By design, the fitted model parameters are data-driven, characterizing the regularized maturation pattern among brain structures that tracks with variations in chronological age among typically developing individuals. In other words, this “brain age” composite metric is not optimized for detecting schizophrenia risk per se and would presumably be sensitive to any condition in which cases deviate from the normal pattern of age-related neuroanatomical change during childhood/adolescence. Machine-learning algorithms trained to predict psychosis as an outcome could potentially yield a psychosis-specific pattern of neuroanatomical deviance (Koutsouleris et al., 2009).

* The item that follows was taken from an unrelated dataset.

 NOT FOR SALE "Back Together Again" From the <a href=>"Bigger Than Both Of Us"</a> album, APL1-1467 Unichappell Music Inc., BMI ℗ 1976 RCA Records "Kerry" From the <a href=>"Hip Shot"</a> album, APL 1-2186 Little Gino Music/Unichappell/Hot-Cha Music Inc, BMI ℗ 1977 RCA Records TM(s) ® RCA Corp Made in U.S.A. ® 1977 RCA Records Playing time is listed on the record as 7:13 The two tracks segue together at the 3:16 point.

However, in the NAPLS2 study, such models were found to perform poorly compared with the “brain age” classifier, probably because the structural brain changes related to psychosis onset occur against the backdrop of the gradual gray matter decline that is part of normative adolescent brain development and because heterogeneity in the pathways leading to full psychosis works against the accuracy of machine learning algorithms trained on an outcome that treats all converters as exemplars of a unitary outcome class (Chung et al., 2018).

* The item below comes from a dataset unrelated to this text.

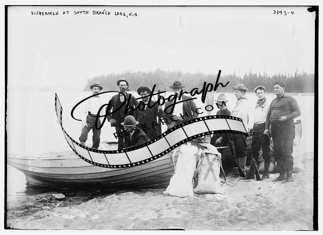 Fishermen at South Branch Lake,N.B.,New Brunswick,boats,guns,shoreline

Here we report the results of group contrasts of the baseline MRI data according to 2-year clinical outcome in the same NAPLS2 sample that was used in the brain age prediction study. This analysis provides added value to the “brain age” prediction results in that it provides a more direct test of neuroanatomical changes associated with risk for psychosis and whether these effects are moderated by age at ascertainment and associated with poor premorbid adjustment.

Based on the foregoing, we hypothesized that CHR individuals who are 17 years of age or younger would show smaller cortical volumes in dorsal lateral prefrontal cortex, medial prefrontal cortex, superior temporal gyrus, and parahippocampal areas. We also predicted that the younger CHR adolescents with persisting or worsening prodromal symptoms would show a greater degree of neuroanatomical deviance at baseline than those who are on the course of remission. We further hypothesized that the preexisting neuroanatomical deficits among younger CHR adolescents are associated with poorer premorbid functioning in childhood.


Source:
Elsevier
Media Contacts:
Mary Billingsley – Elsevier
Image Source:
The image is in the public domain.

Original Research: Closed access
“Structural Brain Alterations in Youth With Psychosis and Bipolar Spectrum Symptoms”. Maria Jalbrzikowski, PhD, David Freedman, PhD, Catherine E. Hegarty, PhD, Eva Mennigen, PhD, Katherine H. Karlsgodt, PhD, Loes M. Olde Loohuis, PhD, Roel A. Ophoff, PhD, Raquel E. Gur, MD, PhD, and Carrie E. Bearden, PhD.
Journal of the American Academy of Child and Adolescent Psychiatry doi:10.1016/j.jaac.2018.11.012.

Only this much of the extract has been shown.